Tiers payant contre biosimilaires : ça démarre aujourd'hui, t'es prêt ?

Depuis ce 1er septembre, le dispositif LFSS 2026 est en vigueur : pas de substitution biosimilaire ou hybride possible, pas de tiers payant pour le patient. C'est le levier de pression le plus direct jamais mis entre les mains du pharmacien au comptoir. Le mode d'emploi, c'est maintenant.

Le tiers payant contre biosimilaires et hybrides, c'est live. Depuis hier, le 1er septembre, le dispositif prévu par la LFSS 2026 s'applique dans toutes les officines de France.

Le principe est simple, même si l'exécution demande un peu de doigté. Quand une substitution biosimilaire ou hybride est possible et que le patient la refuse, tu n'es plus tenu d'avancer les frais pour sa part remboursable. En clair : le refus de substitution coûte concrètement quelque chose au patient. C'est un changement de paradigme.

Jusque-là, le pharmacien substituait quand il pouvait, mais sans vrai levier face au patient récalcitrant. Là, l'Assurance maladie met le tiers payant dans la balance. C'est la FSPF qui le résume clairement : la mesure s'inscrit dans une logique d'incitation à la substitution, couplée à la volonté de maîtrise des dépenses de santé.

Quelques points d'attention au comptoir. Vérifie que ton logiciel gère bien le basculement automatique vers l'absence de tiers payant en cas de refus documenté.
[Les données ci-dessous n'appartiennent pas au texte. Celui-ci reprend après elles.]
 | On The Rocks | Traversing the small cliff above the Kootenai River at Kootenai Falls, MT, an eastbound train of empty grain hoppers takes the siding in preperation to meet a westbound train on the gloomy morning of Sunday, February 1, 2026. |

Forme ton équipe ce matin si ce n'est pas fait : la discussion avec le patient doit être pédagogique, pas conflictuelle. Le biosimilaire, c'est même efficacité, même sécurité, AMM identique. Rappelle-le.
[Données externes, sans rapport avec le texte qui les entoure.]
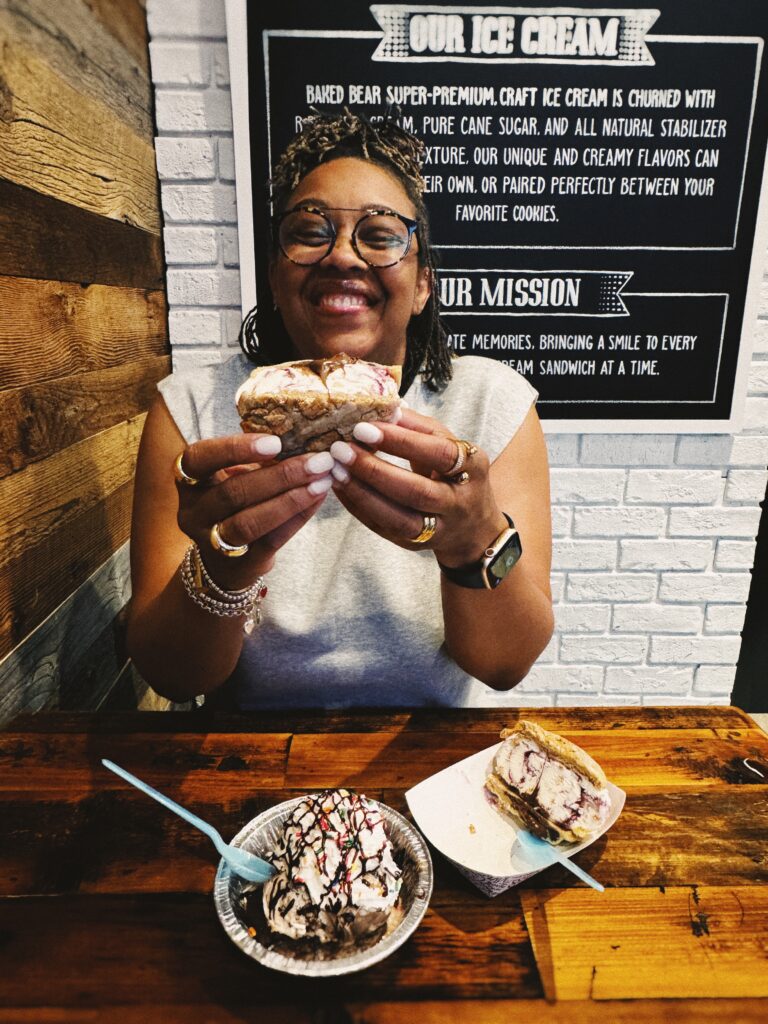 One of the first things on my list was a sweet treat from the Baked Bear Ice Cream. Their spring-themed flavors were calling my name, and I couldn’t resist trying a scoop (or two!). I went to Bear Bowl, the Blackberry crumble. The combination of fresh, creamy goodness and unique flavor twists felt like a celebration of the season. It was the perfect pick-me-up after an afternoon stroll.

Attention aussi aux cas d'opposition médicale : si le prescripteur a mentionné la non-substituabilité sur l'ordonnance, le dispositif ne s'applique pas. Le médecin garde la main dans ces situations.

La mesure s'applique aux médicaments biologiques pour lesquels une substitution par un biosimilaire ou un hybride est techniquement possible selon les listes en vigueur. Pas de tiers payant suspendu sur tous les médicaments, évidemment, uniquement sur ce périmètre précis.

Ce que ça change demain matin : prépare un script court pour expliquer la situation au patient sans qu'il sorte en colère. Genre : "Votre médecin n'a pas précisé de marque obligatoire, je peux vous délivrer l'équivalent biosimilaire, qui fonctionne exactement pareil. Si vous préférez l'original, c'est tout à fait votre droit, mais dans ce cas le tiers payant ne s'applique pas sur votre part." Clair, factuel, non-conflictuel. T'as la loi avec toi.